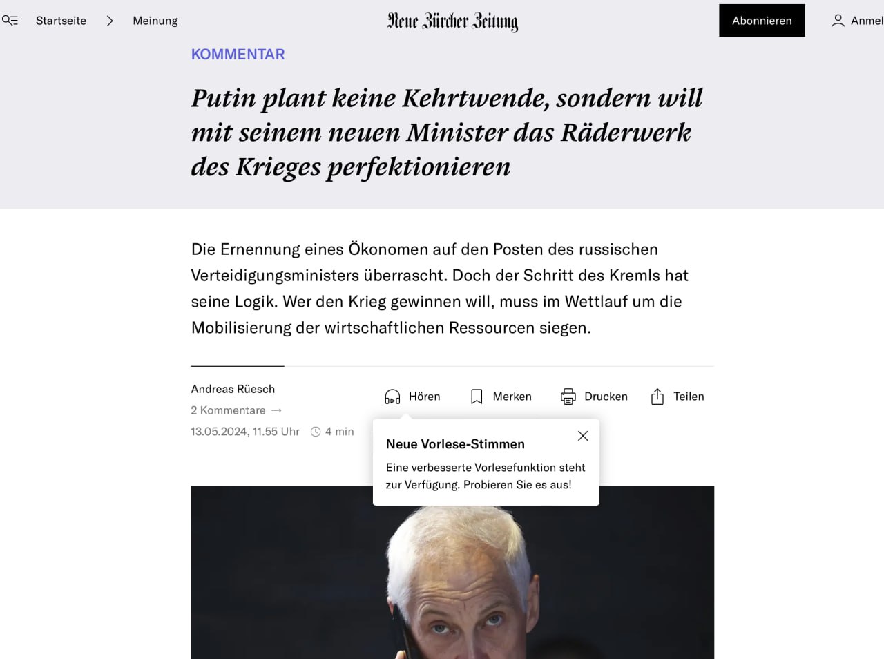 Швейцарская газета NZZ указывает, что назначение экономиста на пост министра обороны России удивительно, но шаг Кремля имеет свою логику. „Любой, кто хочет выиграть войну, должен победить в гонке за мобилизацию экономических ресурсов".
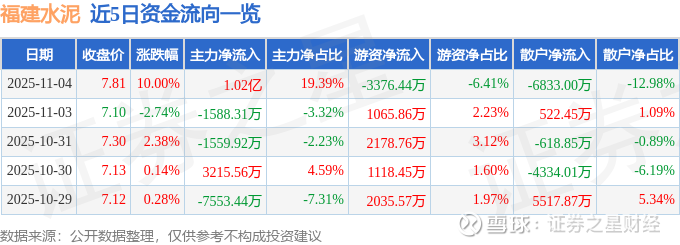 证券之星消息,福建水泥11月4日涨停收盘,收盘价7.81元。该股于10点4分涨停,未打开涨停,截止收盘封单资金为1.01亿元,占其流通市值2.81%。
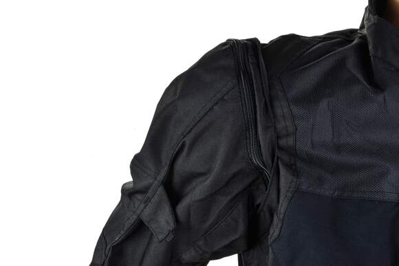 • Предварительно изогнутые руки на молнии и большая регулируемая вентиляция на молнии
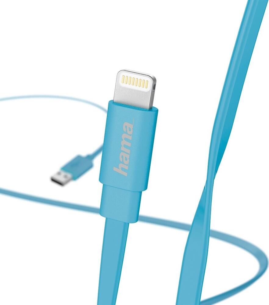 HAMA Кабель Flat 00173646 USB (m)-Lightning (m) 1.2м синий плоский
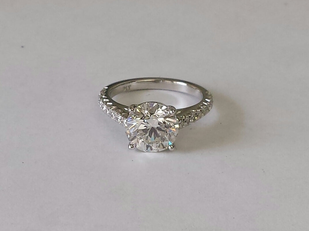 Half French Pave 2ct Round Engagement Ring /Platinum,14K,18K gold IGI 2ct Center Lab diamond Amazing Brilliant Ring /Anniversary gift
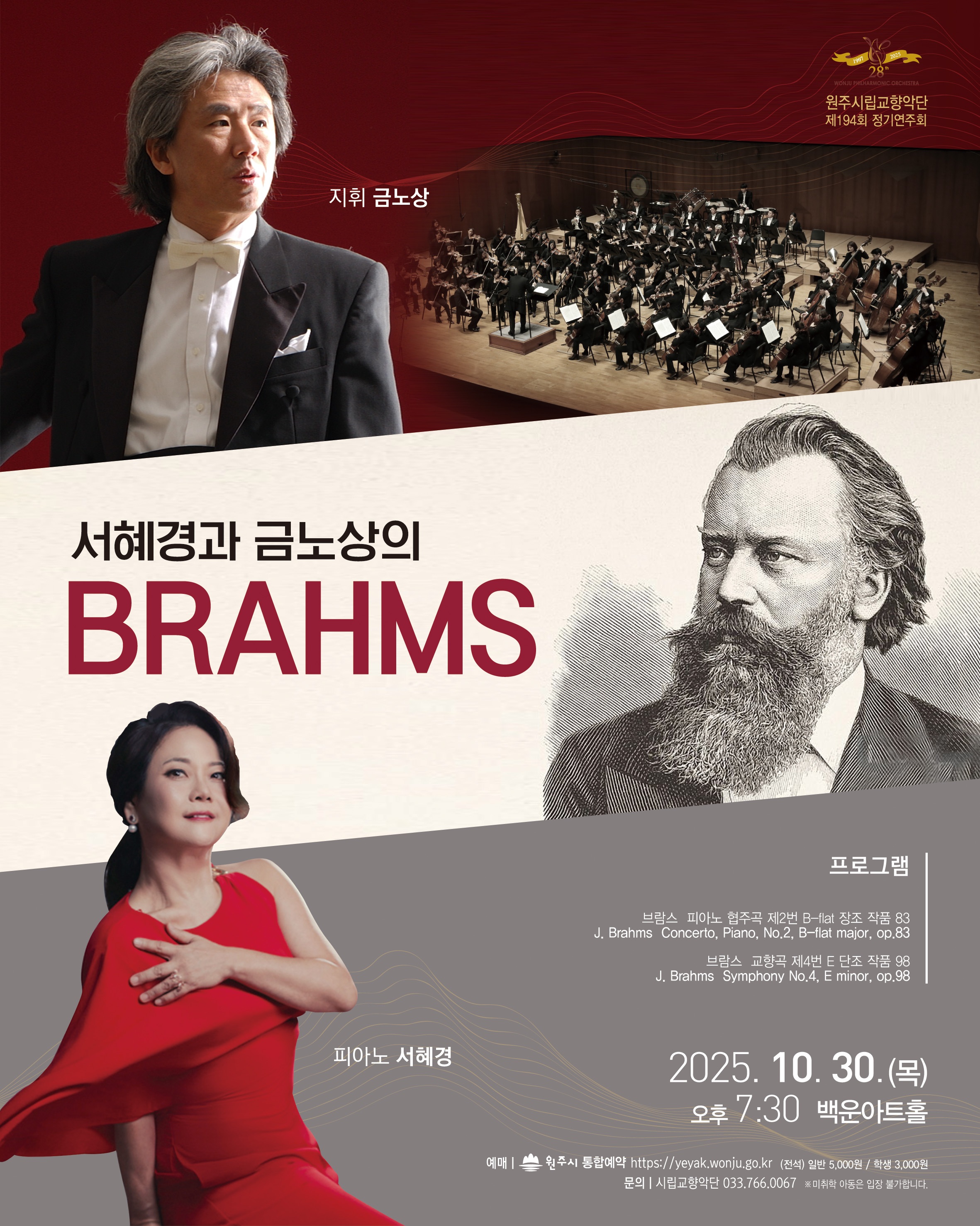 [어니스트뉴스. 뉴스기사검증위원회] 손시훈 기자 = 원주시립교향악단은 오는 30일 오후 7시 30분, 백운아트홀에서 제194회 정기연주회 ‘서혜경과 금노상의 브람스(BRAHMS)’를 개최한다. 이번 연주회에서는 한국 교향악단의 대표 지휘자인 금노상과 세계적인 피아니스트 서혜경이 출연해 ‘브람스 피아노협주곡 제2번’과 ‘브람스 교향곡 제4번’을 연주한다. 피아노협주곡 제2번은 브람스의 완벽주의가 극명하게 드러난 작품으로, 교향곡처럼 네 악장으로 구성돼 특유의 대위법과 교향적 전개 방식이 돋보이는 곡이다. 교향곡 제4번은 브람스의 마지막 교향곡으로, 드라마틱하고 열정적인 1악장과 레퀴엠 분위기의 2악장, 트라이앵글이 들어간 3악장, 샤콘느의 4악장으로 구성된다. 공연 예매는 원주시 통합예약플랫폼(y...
§
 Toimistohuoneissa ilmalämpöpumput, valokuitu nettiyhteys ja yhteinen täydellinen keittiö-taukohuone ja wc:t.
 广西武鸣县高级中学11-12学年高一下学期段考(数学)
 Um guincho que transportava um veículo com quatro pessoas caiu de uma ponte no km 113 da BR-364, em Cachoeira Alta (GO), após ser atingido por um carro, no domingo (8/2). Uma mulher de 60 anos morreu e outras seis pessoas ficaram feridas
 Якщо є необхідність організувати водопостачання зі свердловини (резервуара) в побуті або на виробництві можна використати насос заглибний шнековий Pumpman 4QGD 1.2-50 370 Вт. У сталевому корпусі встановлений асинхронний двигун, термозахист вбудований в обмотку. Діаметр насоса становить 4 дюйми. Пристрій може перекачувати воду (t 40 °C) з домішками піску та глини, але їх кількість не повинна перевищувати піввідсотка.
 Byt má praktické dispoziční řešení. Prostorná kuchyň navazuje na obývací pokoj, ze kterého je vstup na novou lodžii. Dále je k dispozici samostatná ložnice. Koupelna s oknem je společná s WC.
§
* _TASK ITEM_
Look above for the line containing "Швейцарская газета NZZ" and the line containing "证券之星消息,福建水泥11月", then reproduce both and everything between them exactly, pictures omitted.

* _PROBLEM SOLUTION_
 Швейцарская газета NZZ указывает, что назначение экономиста на пост министра обороны России удивительно, но шаг Кремля имеет свою логику. „Любой, кто хочет выиграть войну, должен победить в гонке за мобилизацию экономических ресурсов".
 证券之星消息,福建水泥11月4日涨停收盘,收盘价7.81元。该股于10点4分涨停,未打开涨停,截止收盘封单资金为1.01亿元,占其流通市值2.81%。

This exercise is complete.